On Feb 12, 2008 6:12 AM, Jan-Willem Maessen <jmaessen@alum.mit.edu> wrote:

On Feb 12, 2008, at 1:50 AM, David Benbennick wrote:

> On Feb 11, 2008 10:18 PM, Uwe Hollerbach <uhollerbach@gmail.com>
> wrote:
>> If I fire up ghci, import
>> Data.Ratio and GHC.Real, and then ask about the type of "infinity",
>> it
>> tells me Rational, which as far as I can tell is Ratio Integer...?
>
> Yes, Rational is Ratio Integer.  It might not be a good idea to import
> GHC.Real, since it doesn't seem to be documented at
> http://www.haskell.org/ghc/docs/latest/html/libraries/.  If you just
> import Data.Ratio, and define
>
>> pinf :: Integer
>> pinf = 1 % 0
>
>> ninf :: Integer
>> ninf = (-1) % 0
>
> Then things fail the way you expect (basically, Data.Ratio isn't
> written to support infinity).  But it's really odd the way the
> infinity from GHC.Real works.  Anyone have an explanation?

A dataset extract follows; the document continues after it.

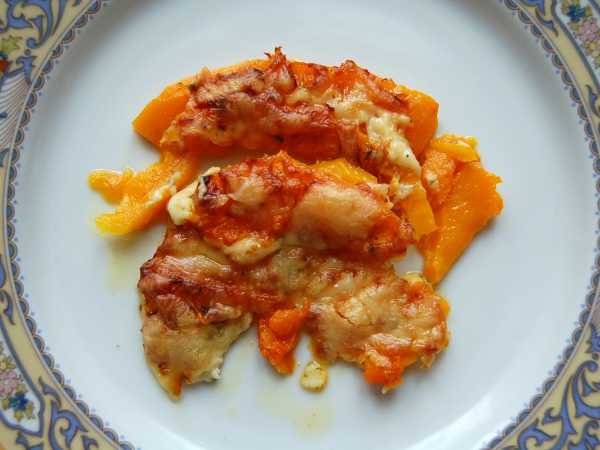 Достаньте тыкву из духовки, положите сверху кусочки нарезанного сыра.

An educated guess here: the value in GHC.Real is designed to permit
fromRational to yield the appropriate high-precision floating value
for infinity (exploiting IEEE arithmetic in a simple, easily-
understood way).  If I'm right, it probably wasn't intended to be used
as a Rational at all, nor to be exploited by user code.

-Jan-Willem Maessen


Well... I dunno. Looking at the source to GHC.Real, I see

infinity, notANumber :: Rational
infinity   = 1 :% 0
notANumber = 0 :% 0
This is actually the reason I imported GHC.Real, because just plain % normalizes the rational number it creates, and that barfs very quickly when the denominator is 0. But the values themselves look perfectly reasonable... no?